2) Esfregón de cloacal: recoger una muestra con un hisopo de algodón de cloacal de pollo, luego ponerlo en 1 ml de tampón PBS (0,01mol/L, pH=7,4), luego descongelarlo a -20°C en refrigerador una vez, después de volver a la temperatura ambiente.,Tomar 100ul para la prueba.

3) Vacuna: disolver la vacuna con el diluyente de la vacuna, luego diluir con tampón PBS de 0,01 mol/ L pH=7,4 durante 10-20 veces, tomar prueba de 100 ul.

4) elMeconio: no es necesario diluir, tomarlo directamente para probar, si hay precipitación o impurezas, centrifugar a 2000-3000 r/min durante 10 minutos, tomar 100ul de líquido transparente de capa superior para probar.

5.3Procedimiento de ELISA

1) Tomar microplaca pre-revestida (puede descifrar durante varios tiempos de uso según la cantidad de muestra), añadir 100μL de muestra a un pozo, mientras tanto establecer 2 pozos para el control negativo, 2 pozos para el control positivo por separado.Añadir 100 μl de control negativo/positivo a sus pozos.Incubación entemperatura ambiente (25 ± 2 °C)°C) en la oscuridadpara60 minutos.

2) Despejar el líquido de los pozos, añadir 300 μL de solución de lavado diluida a cada pozo, agitar y lavar durante 4 veces, cada vez durante 30 segundos, verter.
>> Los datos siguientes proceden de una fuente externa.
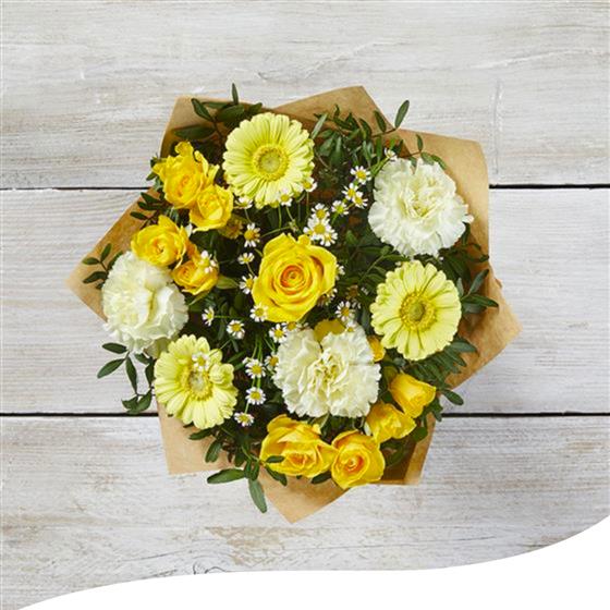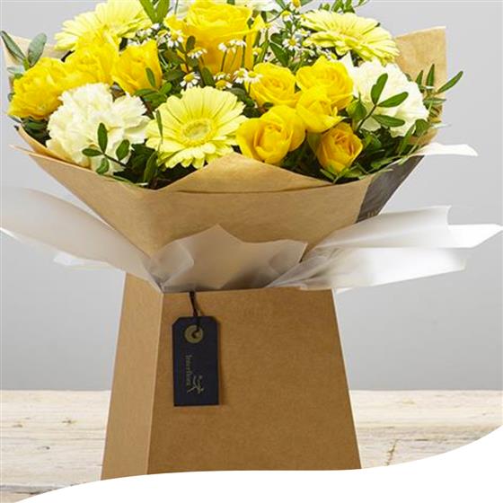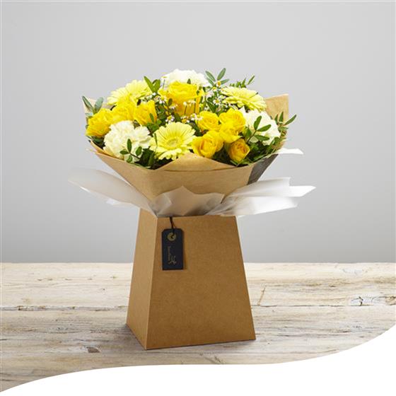 Introducing our Mellow Bouquet, a charming hand-tied of beautiful flowers arranged in water and nestled into a decorative gift box. This delightful flower arrangement features Yellow Roses, Spray Roses, Cream Carnations, and Yellow Gerberas, accented with delicate Gypsophila and foliage for added elegance.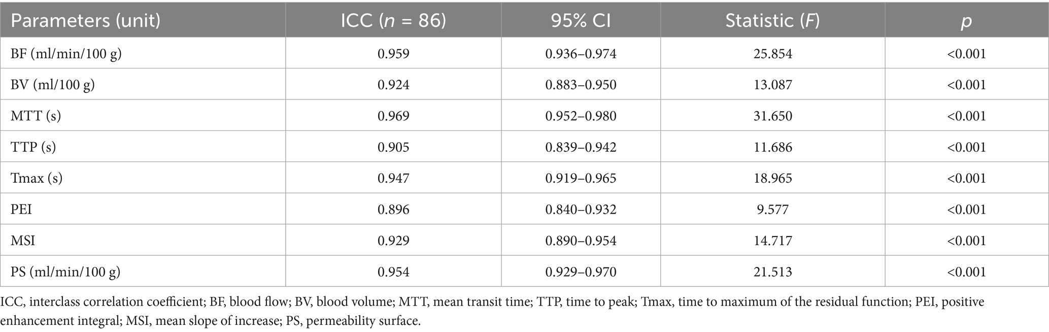 The inter-observer consistency is robust, with ICC values greater than 0.85 for all CTPI parameters (Table 3), indicating that the two radiologists’ manual ROI delineation for CTPI parameter measurement is reliable and reproducible.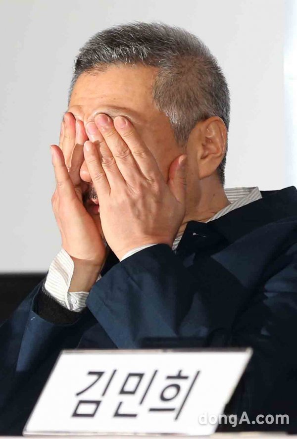 감독 홍상수가 13일 오후 서울 건대 롯데시네마에서 열린 영화 ‘밤의 해변에서 혼자’ 언론시사회에 참석하고 있다.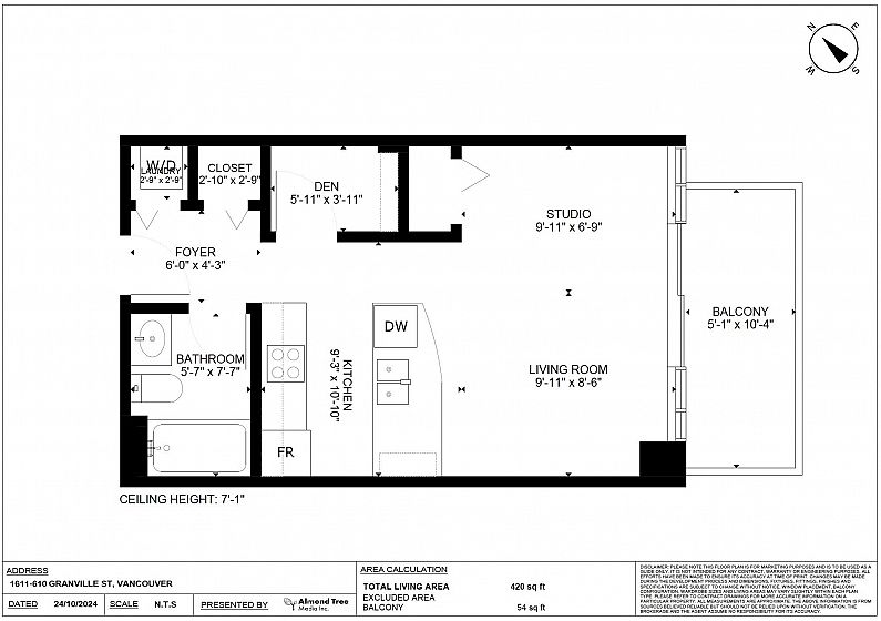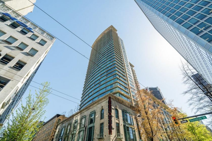 Investors Alert! Awesome rent for this SE exposure studio with a spacious BALCONY at The Hudson in the prime Vancouver downtown financial & schools campus district. Building has direct access to Skytrain & Pacific Mall Centre from concourse level, half a block to Canada Line. Winners/Holt Renfrew/restaurants are only steps away. Unit upgraded to laminated flooring, building offers biker locker. EV chargers, 24-hr concierge, fitness room, lounge rooms. This superb location offers the ultimate downtown lifestyle. Great tenant with great rent for investor. Items included: 1 sofa, 1 murphy bed, 2 counter stools, 1 dresser, 1 small bedside table, 1 floor lamp, 1 table lamp, 1 long framed artwork, 2 framed leaf artwork, 1 folding table (balcony), 2 folding chairs (balcony)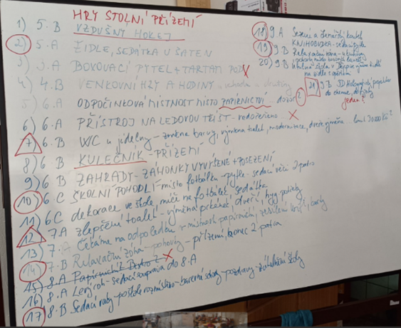 - 5.12.2024 5. vyuč. hodina – schůzka žákovského parlamentu i se zástupci 4. – 9. tříd s prezentací projektů – navrženo 21 projektů, z nichž některé byly žákovským parlamentem vyřazeny pro nedostatečné informace nebo sloučeny do jednoho návrhu k hlasování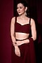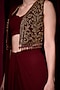 Featuring a maroon draped saree in georgette base. It is paired with a blouse and a velvet jacket. Accentuate it with statement jewellery, a clutch and high heels for a sangeet, cocktail or reception ceremony.
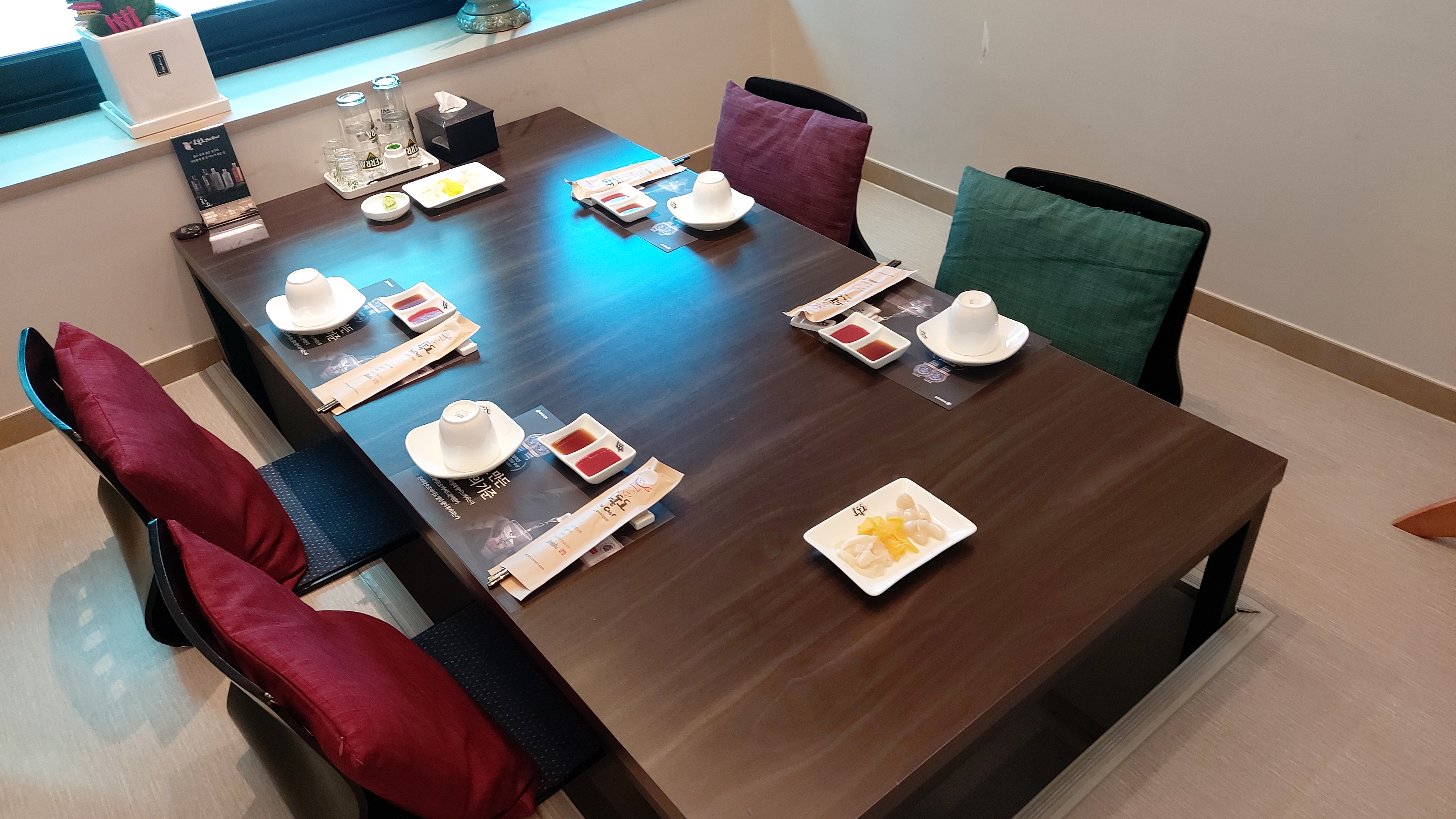 온돌처럼 보이지만 탁자 밑으로 속이 파여 있어 다리를 쭉 피고 앉을 수 있어 편리하고 좋습니다.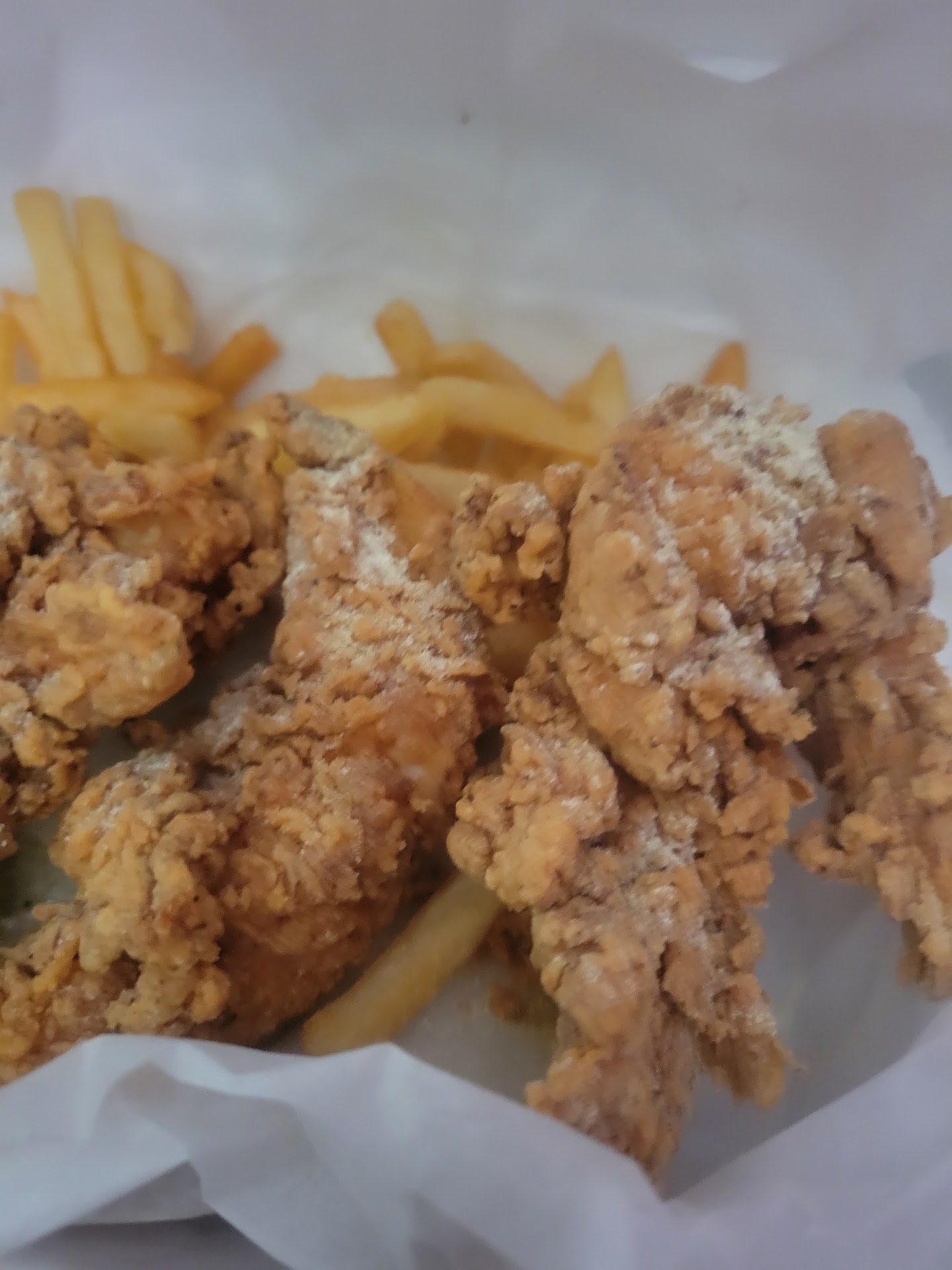Read moreI ordered 2 of the 3 chicken strip meals. He first shorted our change, an honest mistake that he fixed when pointed out. The owner told us 4 minutes. A few other people walked in and ordered. He told them where to get their drinks so we grabbed ours too. About 20 minutes after ordering we got our meals. Yhe fries had no seasoning at all, and we didn't see salt or pepper around. The chicken strips were large and made with real chicken. The breading was falling off though on most of it. There is no where to eat it there so we sat in the car to eat. Overall I probably wouldn't go back unless there was no...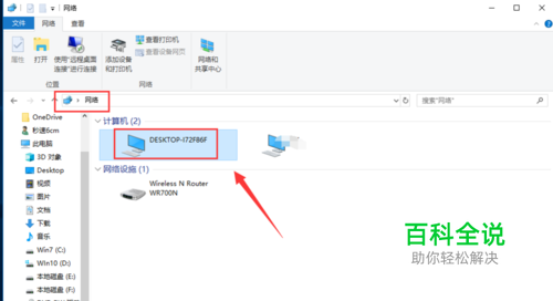 用网线直连两台电脑,或者登陆同一网络,在另一台电脑的网络就可以看到你共享的电脑了,如下图所示是

3) Añadir 100 μL de enzima conjugada a cada pozo, cubierta yIncubación entemperatura ambiente (25 ± 2 °C)°C) en la oscuridadpara60 minutos.

4) Repita el paso 2 (lavado).

5) Mezclar el sustrato A y el sustrato B en proporciones uniformes de 1:1, luego añadir la solución de mezcla a cada pozo, 100ul/pozo, cubrir yIncubación entemperatura ambiente (25 ± 2 °C)°C) para15- ¿Qué es eso?Nota: utilizar la solución de mezcla de sustrato en 5 minutos.

6) Añadir 100 μL de solución de parada en cada pozo y medir el resultado en 5 min. Nota: si hay cristalino floculante en la solución de parada, calentar a 37°C para disolver y luego utilizar.

6.Resultados

6.1Utilice ELISA Reader para leer el valor de OD650nm, calcular NC (valor medio de OD del control negativo) y PC ((valor medio de OD del control positivo).

Nota: NV < 0,200 y 0,500 < PC≤2.000, el ensayo es válido, de lo contrario, vuelva a realizar el ensayo.

6.2Calcular S/P: S/P=(SC-NC)/(PC-NC), SC es el valor OD de la muestra.

6.3Si el S/P< 0.17, no hay proteína ALV P27 en la muestra; si S/P≥0.17, hay proteína ALV P27 en la muestra

Especificaciones:96*2 pozos por equipo.

Fecha de caducidad:- 12 meses. - ¿Qué es eso?

El almacenamiento:Almacenamiento a 2-8°C, en la oscuridad.